• **WHAT THIS TASK INVOLVES**
Every line from the first record below down to the line that includes "Сублімовані яловичи кубики" must be reproduced exactly; the pictures are not.

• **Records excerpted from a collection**
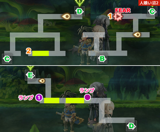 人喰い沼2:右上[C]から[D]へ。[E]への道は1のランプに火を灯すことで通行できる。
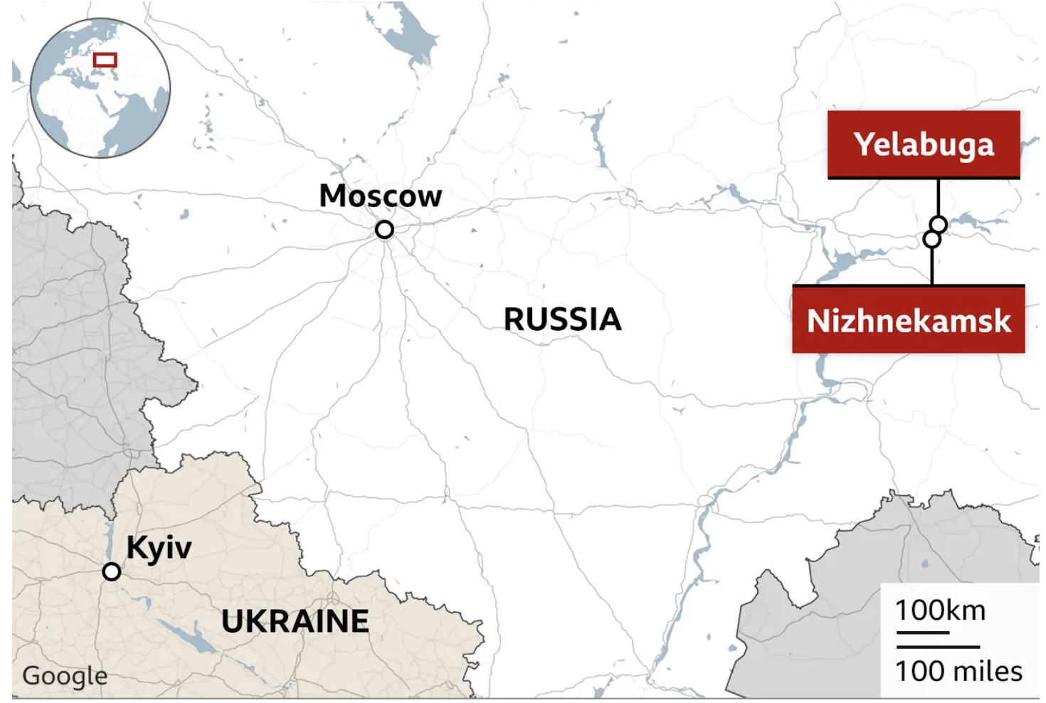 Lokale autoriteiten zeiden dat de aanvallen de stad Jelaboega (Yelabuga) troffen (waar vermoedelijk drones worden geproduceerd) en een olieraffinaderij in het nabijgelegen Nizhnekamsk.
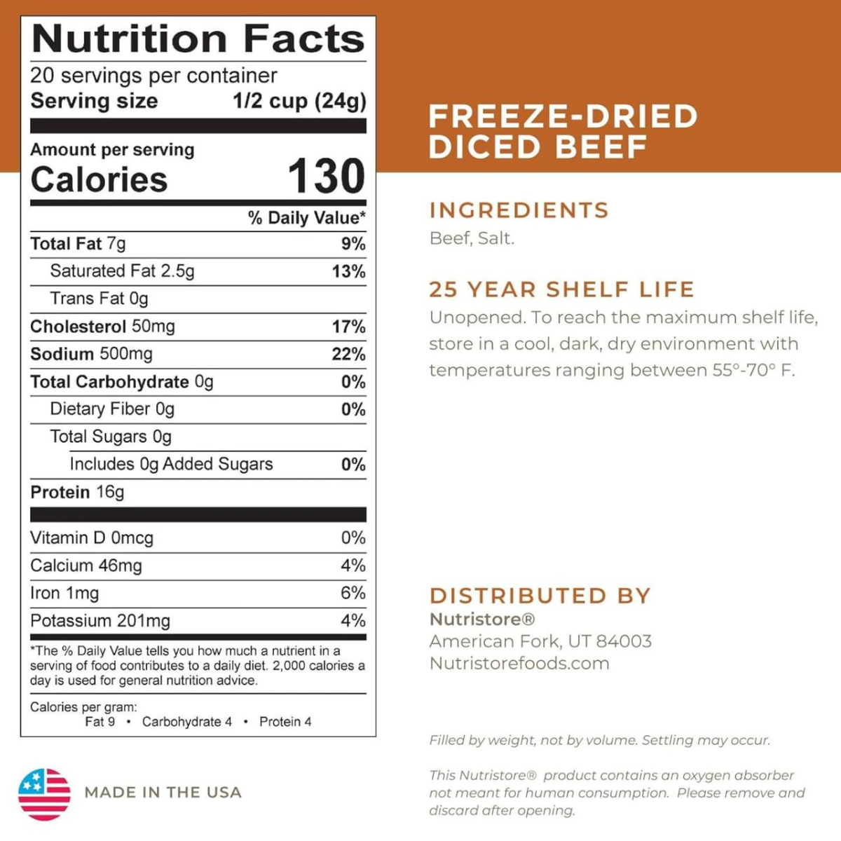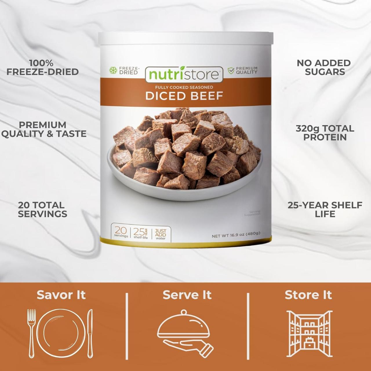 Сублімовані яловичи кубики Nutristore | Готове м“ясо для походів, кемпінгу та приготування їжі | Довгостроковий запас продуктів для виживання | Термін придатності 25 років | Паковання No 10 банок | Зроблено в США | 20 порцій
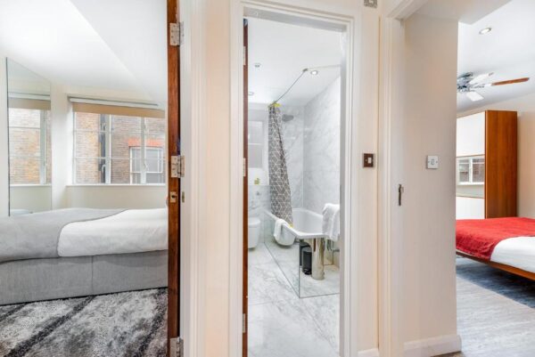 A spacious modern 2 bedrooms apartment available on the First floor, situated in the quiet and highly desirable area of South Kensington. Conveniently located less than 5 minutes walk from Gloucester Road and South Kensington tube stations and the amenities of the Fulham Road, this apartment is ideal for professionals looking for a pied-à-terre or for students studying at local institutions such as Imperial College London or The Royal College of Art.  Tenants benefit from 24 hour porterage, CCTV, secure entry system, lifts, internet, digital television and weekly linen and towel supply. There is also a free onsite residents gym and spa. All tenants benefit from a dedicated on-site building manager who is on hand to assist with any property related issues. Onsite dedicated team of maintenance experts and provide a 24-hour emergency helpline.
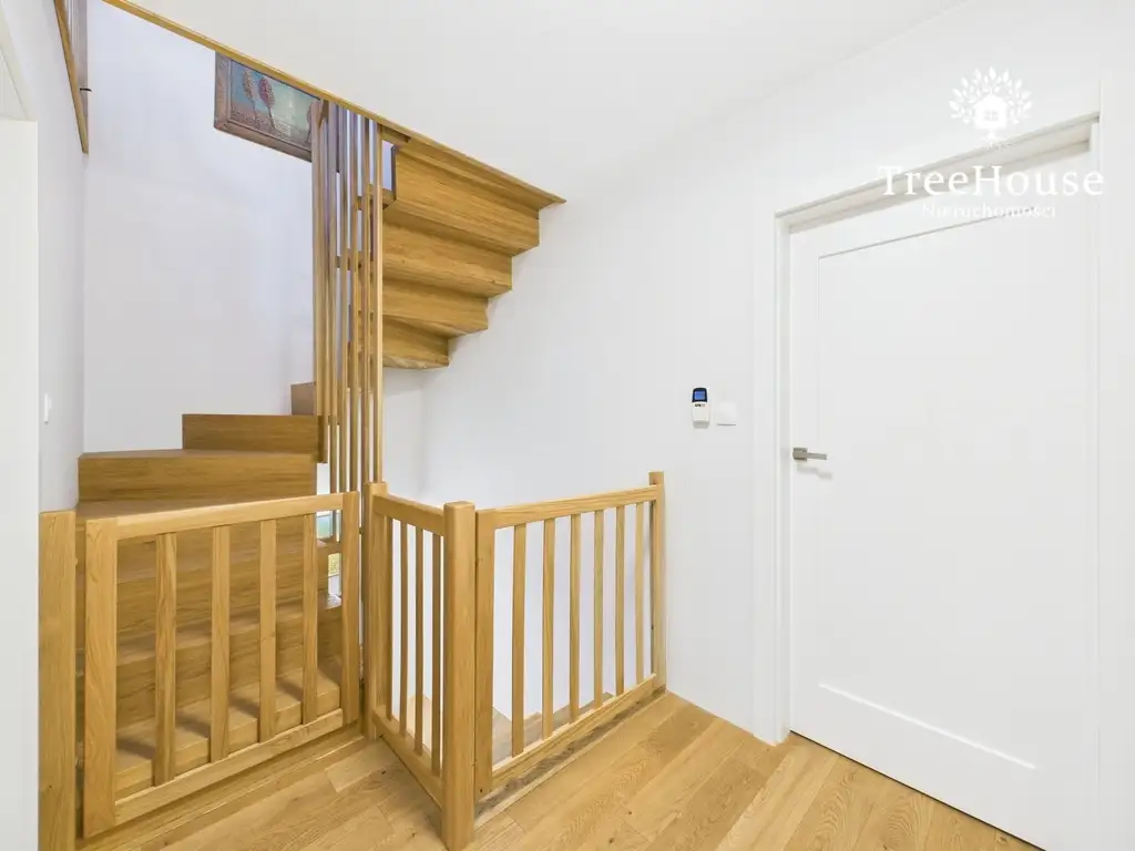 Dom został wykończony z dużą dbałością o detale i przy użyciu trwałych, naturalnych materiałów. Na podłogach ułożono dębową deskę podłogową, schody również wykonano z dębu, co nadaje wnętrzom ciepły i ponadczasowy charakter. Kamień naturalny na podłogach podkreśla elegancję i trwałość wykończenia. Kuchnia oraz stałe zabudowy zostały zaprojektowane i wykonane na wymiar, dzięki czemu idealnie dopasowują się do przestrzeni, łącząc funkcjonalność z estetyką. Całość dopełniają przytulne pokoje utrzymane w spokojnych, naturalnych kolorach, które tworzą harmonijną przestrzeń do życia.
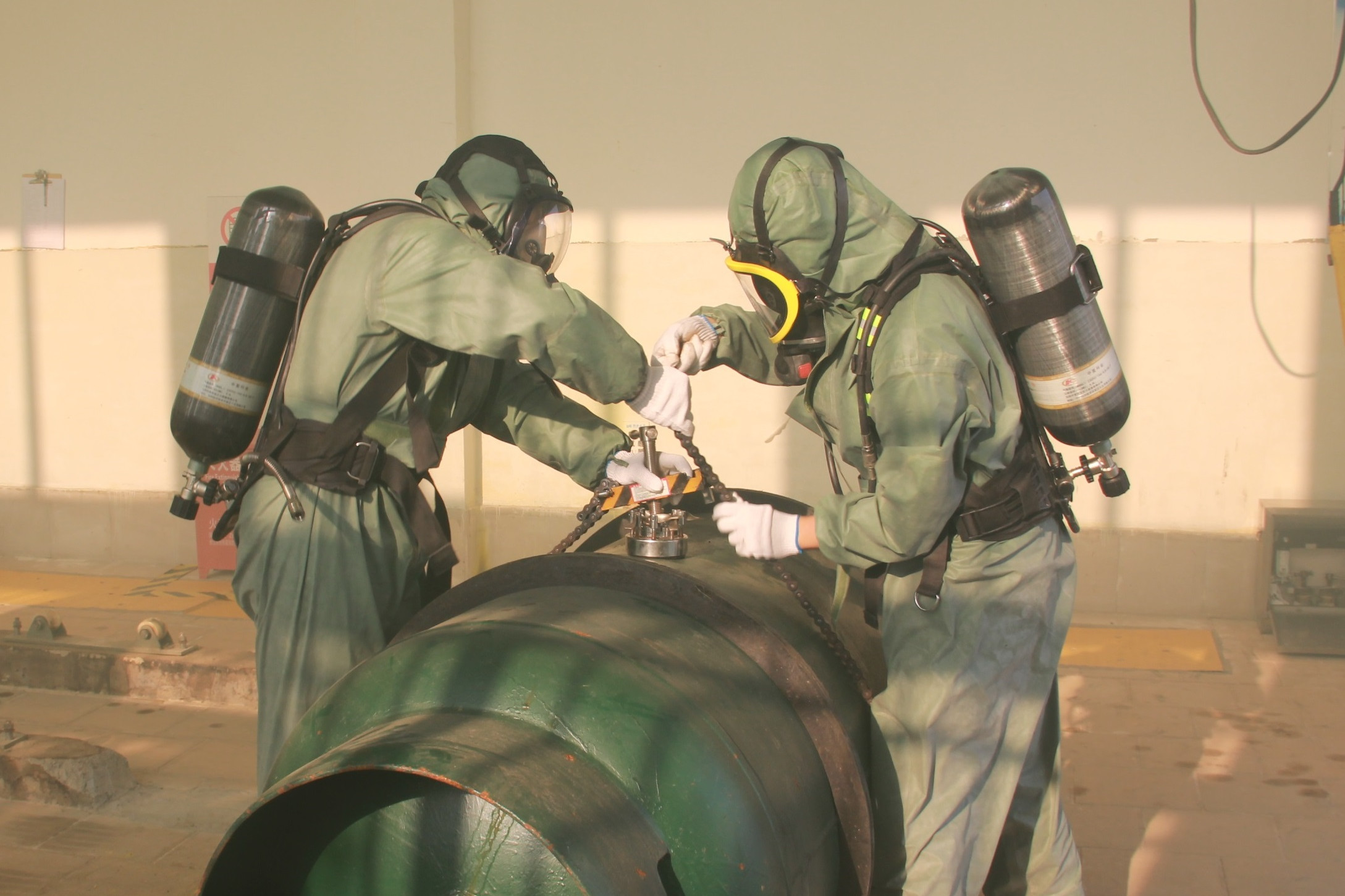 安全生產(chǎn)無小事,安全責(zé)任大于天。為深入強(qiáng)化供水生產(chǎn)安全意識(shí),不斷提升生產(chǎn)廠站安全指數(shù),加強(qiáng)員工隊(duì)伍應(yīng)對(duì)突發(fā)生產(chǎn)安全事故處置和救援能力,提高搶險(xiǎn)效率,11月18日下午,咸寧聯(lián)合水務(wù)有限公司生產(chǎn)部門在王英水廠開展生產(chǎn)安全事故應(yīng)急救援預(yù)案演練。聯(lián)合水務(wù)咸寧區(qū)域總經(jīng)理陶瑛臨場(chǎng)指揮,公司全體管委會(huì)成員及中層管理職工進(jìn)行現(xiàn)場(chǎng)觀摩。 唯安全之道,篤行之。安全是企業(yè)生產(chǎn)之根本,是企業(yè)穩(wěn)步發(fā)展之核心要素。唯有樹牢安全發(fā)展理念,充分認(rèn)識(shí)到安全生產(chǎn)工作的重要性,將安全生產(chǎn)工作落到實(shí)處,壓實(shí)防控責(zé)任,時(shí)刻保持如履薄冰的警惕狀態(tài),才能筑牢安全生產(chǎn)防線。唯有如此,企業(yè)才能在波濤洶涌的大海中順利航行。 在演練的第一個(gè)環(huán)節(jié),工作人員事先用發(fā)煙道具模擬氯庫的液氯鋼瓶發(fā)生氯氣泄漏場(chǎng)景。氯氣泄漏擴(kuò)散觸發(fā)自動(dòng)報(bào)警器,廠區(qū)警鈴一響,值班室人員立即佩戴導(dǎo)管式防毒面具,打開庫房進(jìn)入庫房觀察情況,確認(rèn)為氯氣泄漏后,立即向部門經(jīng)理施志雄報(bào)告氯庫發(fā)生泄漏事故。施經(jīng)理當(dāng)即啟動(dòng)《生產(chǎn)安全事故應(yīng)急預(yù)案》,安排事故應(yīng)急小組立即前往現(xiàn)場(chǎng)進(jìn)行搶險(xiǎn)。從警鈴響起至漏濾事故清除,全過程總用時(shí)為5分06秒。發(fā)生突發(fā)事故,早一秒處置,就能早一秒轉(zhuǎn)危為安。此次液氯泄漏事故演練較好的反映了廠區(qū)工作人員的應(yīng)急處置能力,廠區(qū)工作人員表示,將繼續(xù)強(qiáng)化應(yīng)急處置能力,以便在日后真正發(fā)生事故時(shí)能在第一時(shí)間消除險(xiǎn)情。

• **EXERCISE ANSWER**
 人喰い沼2:右上[C]から[D]へ。[E]への道は1のランプに火を灯すことで通行できる。
 Lokale autoriteiten zeiden dat de aanvallen de stad Jelaboega (Yelabuga) troffen (waar vermoedelijk drones worden geproduceerd) en een olieraffinaderij in het nabijgelegen Nizhnekamsk.
 Сублімовані яловичи кубики Nutristore | Готове м“ясо для походів, кемпінгу та приготування їжі | Довгостроковий запас продуктів для виживання | Термін придатності 25 років | Паковання No 10 банок | Зроблено в США | 20 порцій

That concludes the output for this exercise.